1031 exchanges are involved and require an intermediary to do right, so I would suggest you find someone who specializes in such, not only to prevent an inadvertent taxable event now, but to prepare the information on basis, etc... you'll need when you eventually dispose of the exchanged property.
 

TrustUser

Senior Member
thanks ron,

http://www.1031.org/about1031/faq.htm

this seems to be right in line with what you have stated.

it does indeed look like this is a like kind exchange.

however, i dont know if i want the complications of a qualified intermediary.

i may be better off, just paying the tax, and if i choose to buy later, i can at least wait for a time and a property that i may be able to get at a better deal, than being forced to buy within a short period of time ?

the idea is looking a little less attractive to me, at the moment.
 

TrustUser

Senior Member
http://www.exeter1031.com/selecting_safe_qualified_intermediary.aspx

It is extremely important to note that 1031 Exchange Qualified Intermediaries are generally not required to be licensed, regulated, audited or otherwise monitored by any regulatory body (the Exeter entity that holds your 1031 Exchange funds is licensed, regulated and audited). In addition, 1031 Exchange Qualified Intermediaries are generally not required to be bonded, insured or maintain any other form of minimum equity capitalization.

hi ron,

thanks again. not interested in some business holding that much money of mine. i will just pay the tax, and be thankful that i made some profit on this one.

i dont depreciate my properties. but in this case, it is land, so no depreciation is ever taken.
 

tranquility

Senior Member
When you say you foreclosed, did you just make a loan and foreclosed against it or did you sell a property and take paper back?

Also, with that amount of gain, you may have to worry about the Obamacare (Medicare) tax of 3.8% on unearned investment income too.
 

TrustUser

Senior Member
i just made a loan, and foreclosed against the loan, becoming the owner.

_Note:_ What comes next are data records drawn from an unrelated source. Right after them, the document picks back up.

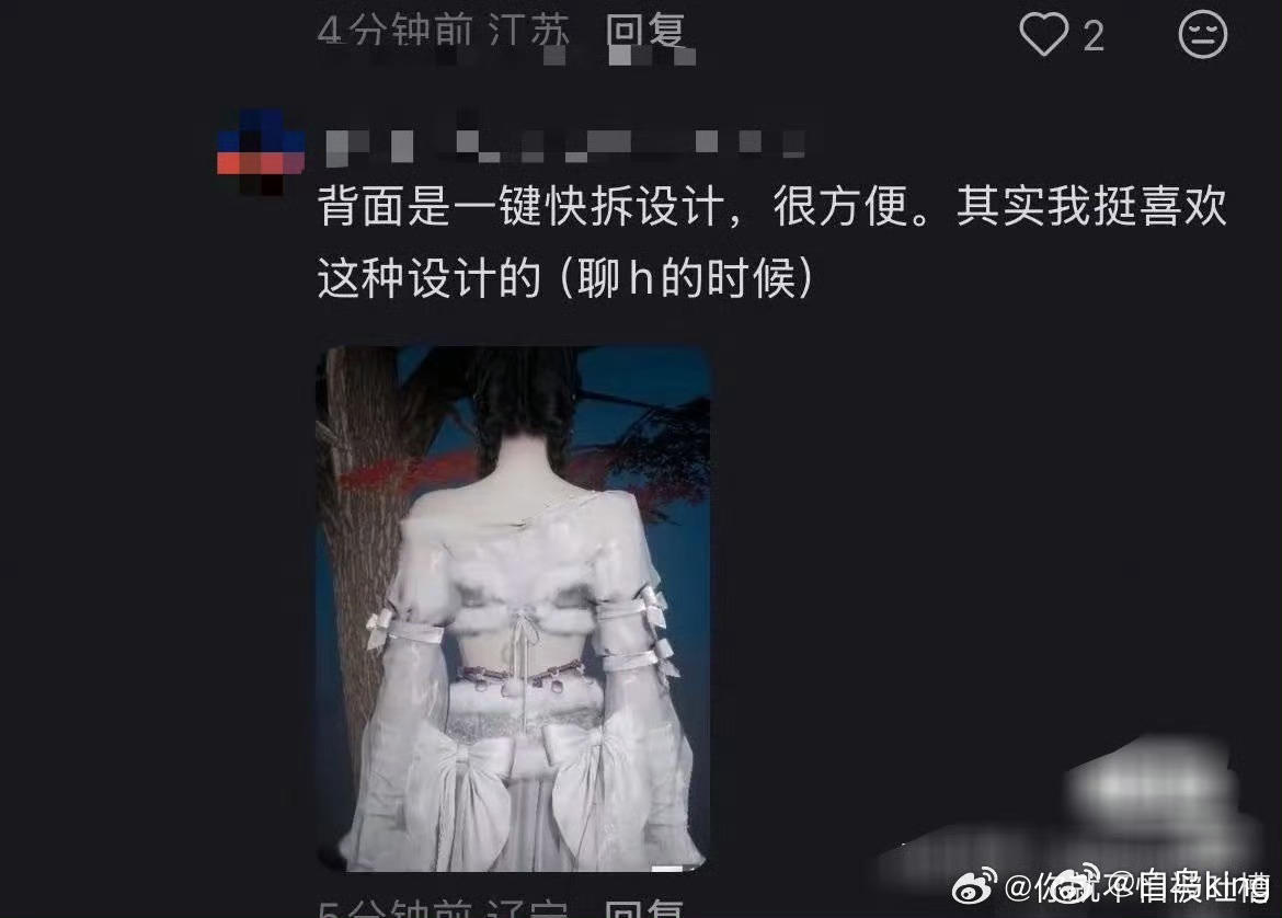 不排除这个衣服有萌的正常加裤子的穿搭,但是这个渔网,这个漏底裤,纱可以染成透明,这个蝴蝶结,毛边家露腰露腿,已经有人通过这个服装开始涩情化女号了,正常搭配玩家没理由发挥搭配之力为这件衣服缺少的布料多花心思,多花钱后面那几张图我晃一眼我以为是那个黄色网站的3d区人物跑出来了,早说我下的是情趣游戏啊。当然可以不用染成那样,但是不染成那样不代表这种染色不存在,也改变不了后面就是一根绑带的设计以及超短裤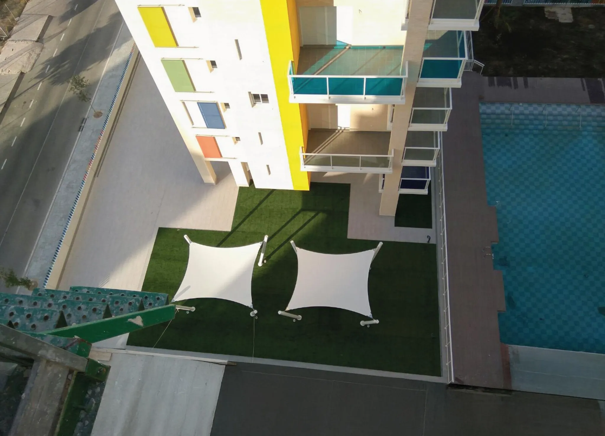 This project aims to create sun protection for the windows of the building. On the one hand, by means of the frames tensioned with the i-Tensing system, the aim is to create a mobile system of panels which allows movement to both protect from and allow the entry of light, depending on the need at any time. On the other hand, the tensioned strips of tarpaulin create a private space, through which light enters. Finally, the tensioned sails generate a relaxed space for resting in the shade.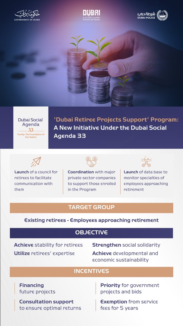 As part of the Dubai Social Agenda 33, launched by His Highness Sheikh Mohammed bin Rashid Al Maktoum, Vice President and Prime Minister of the UAE and Ruler of Dubai, under the theme ‘Family: The Foundation of Our Nation’, the Dubai Police General Command and Dubai's Department of Economy and Tourism – represented by the Mohammed Bin Rashid Establishment for Small and Medium Enterprises (Dubai SME)- signed a memorandum of understanding (MoU) for the launch of the ‘Dubai Retiree Projects Support’ programme, which offers Emirati retirees in Dubai benefits and incentives, including priority in being assigned to government projects, financing of their future projects, exemption from service fees for five years, and consultation support for their projects to ensure optimal returns.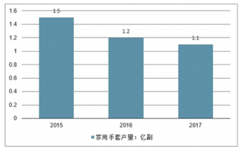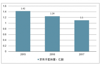 2016年我國家用手套業消費量到1.24億副, 2017年達到家用手套業消費量1.21億副,比2016年減少0.03億副。

i know nothing yet about obamacare. but i guess i may eventually !!
 

TrustUser

Senior Member
hi tq,

i do have other properties though that i will want to sell eventually.

and i would at least consider taking paper back on it to facilitate the sale, if i got enough cash up front to protect my interest.

what were you getting at with this scenario ? that i could no longer do a 1031 exchange ?

if so, i wont let that worry me - i dont like this business of some other entity holding all my funds until the time of exchange. on top of that, i need to pay them some fee, which no doubt will be a percentage of my profit, instead of just a flat fee for work performed.

the 1031 process does not seem like anything i am apt to like about it.

at least if i just pay the tax, i am over and thru with it.

i was actually thinking of continuing the process until i died, when the properties would be inherited, and possibly miss the tax entirely ?
 

tranquility

Senior Member
hi tq,

i do have other properties though that i will want to sell eventually.

and i would at least consider taking paper back on it to facilitate the sale, if i got enough cash up front to protect my interest.

what were you getting at with this scenario ? that i could no longer do a 1031 exchange ?

if so, i wont let that worry me - i dont like this business of some other entity holding all my funds until the time of exchange. on top of that, i need to pay them some fee, which no doubt will be a percentage of my profit, instead of just a flat fee for work performed.

the 1031 process does not seem like anything i am apt to like about it.

at least if i just pay the tax, i am over and thru with it.

i was actually thinking of continuing the process until i died, when the properties would be inherited, and possibly miss the tax entirely ?
California will tax at your marginal rate as ordinary income. No special capital gain rate.

The foreclosing on property that you sold and later foreclosed on changes the capital gain on the "sale" to ordinary income.